◆ YOUR OBJECTIVE
Every line of the data below must be output exactly, with images left out.

◆ DATASET SECTION

----------

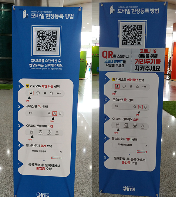 QR 코드를 통해 코로나19 관련 문진표 작성이 필수이다. 사회적 거리두기도 필수다. 전시장내 인원에 대해서도 상한선을 두고 통제를 진행한다. 따라서 입구에서 체온 및 입장확인을 진행하며, 출구에서도 바코드를 꼭 태그하고 나가야 한다.
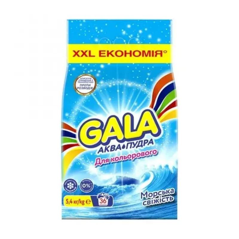 Пральний порошок Gala Аква-Пудра Морська свіжість, автомат, 36 циклів прання, 5.4 кг
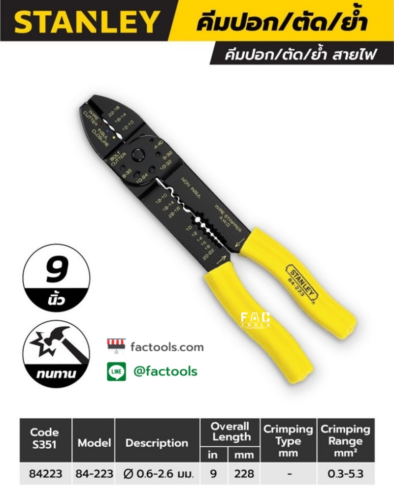 FACS351-84223 คีมปอก/ตัด/ย้ำ สายไฟ 9" STANLEY รุ่น 84-223
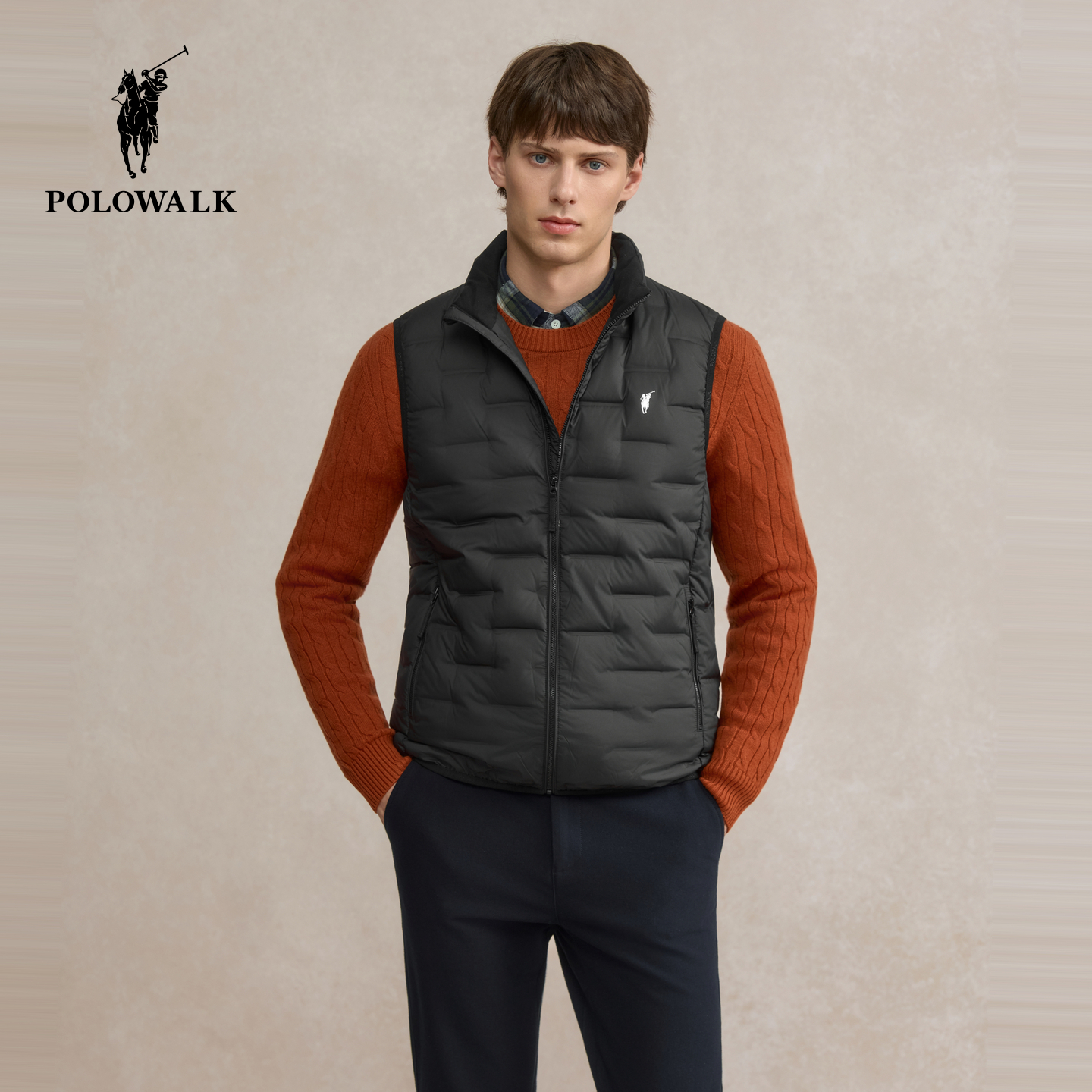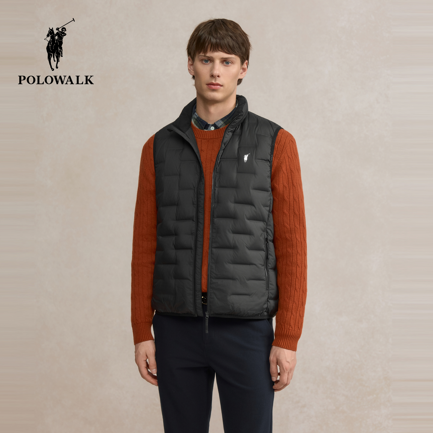 天猫POLOWALK男式羽绒马甲2025冬季新品绅士简约90鸭绒立领保暖背心男

----------

◆ ANSWER TO THE EXERCISE
 QR 코드를 통해 코로나19 관련 문진표 작성이 필수이다. 사회적 거리두기도 필수다. 전시장내 인원에 대해서도 상한선을 두고 통제를 진행한다. 따라서 입구에서 체온 및 입장확인을 진행하며, 출구에서도 바코드를 꼭 태그하고 나가야 한다.
 Пральний порошок Gala Аква-Пудра Морська свіжість, автомат, 36 циклів прання, 5.4 кг
 FACS351-84223 คีมปอก/ตัด/ย้ำ สายไฟ 9" STANLEY รุ่น 84-223
 天猫POLOWALK男式羽绒马甲2025冬季新品绅士简约90鸭绒立领保暖背心男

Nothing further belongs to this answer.